In other words, can the withEngine options not just be some illuminating 
token constants for users that just want to have the traversal() returned 
(LOCAL, LOCAL_DISTRIBUTED, DISTRIBUTED)?  Of course, the more extended API 
will be useful for a minority of power users that want to optimize an 
ActorProgram for a specific use case.


Cheers,    Marc

Op woensdag 14 december 2016 18:46:44 UTC+1 schreef Marko A. Rodriguez:
>
> Hello,
>
> For the last week I’ve been working on “distributed OLTP.” Gremlin has a 
> really nice architecture in that a traverser can be shipped around a 
> cluster and reattached to its respective element (vertex/edge/etc.) and 
> step (traversal) at the remote location and continue to compute. Thus, we 
> can have step-by-step query routing.
>
> https://issues.apache.org/jira/browse/TINKERPOP-1564
>
> With that, I’ve created GraphActors which is similar to GraphComputer. 
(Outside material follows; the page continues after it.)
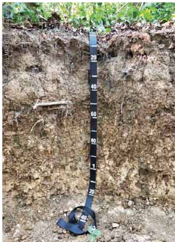
Egy jó talajszelvény igazán informatív

> However, there are some fundamental distinctions:
>
> 1. GraphActors assumes the boundary of computation is a Partition.
> - GraphComputer assumes the boundary of computation is vertex and its 
> incident edges and properties.
> 2. GraphActors assumes asynchronous computation with barriers at Barrier 
> steps.
> - GraphComputer assumes (sorta) synchronous computation with a barrier 
> when all traversers have left their local vertex.
> 3. GraphActors is traverser-centric and partition-bound.
> - GraphComputer is vertex-centric and vertex-bound.
>
> In gremlin-core/ I’ve created a new set of interfaces off of process/.
>
>
> https://github.com/apache/tinkerpop/tree/TINKERPOP-1564/gremlin-core/src/main/java/org/apache/tinkerpop/gremlin/process/actor
> GraphActors <=> GraphComputer
> MasterActor <=> setup()/terminate().
> WorkerActor <=> execute()
> ActorProgram <=> VertexProgram
>
> The parallel between GraphComputer and GraphActors are strong. In short, a 
> (hardcore) user can create an ActorProgram and submit it to a GraphActors. 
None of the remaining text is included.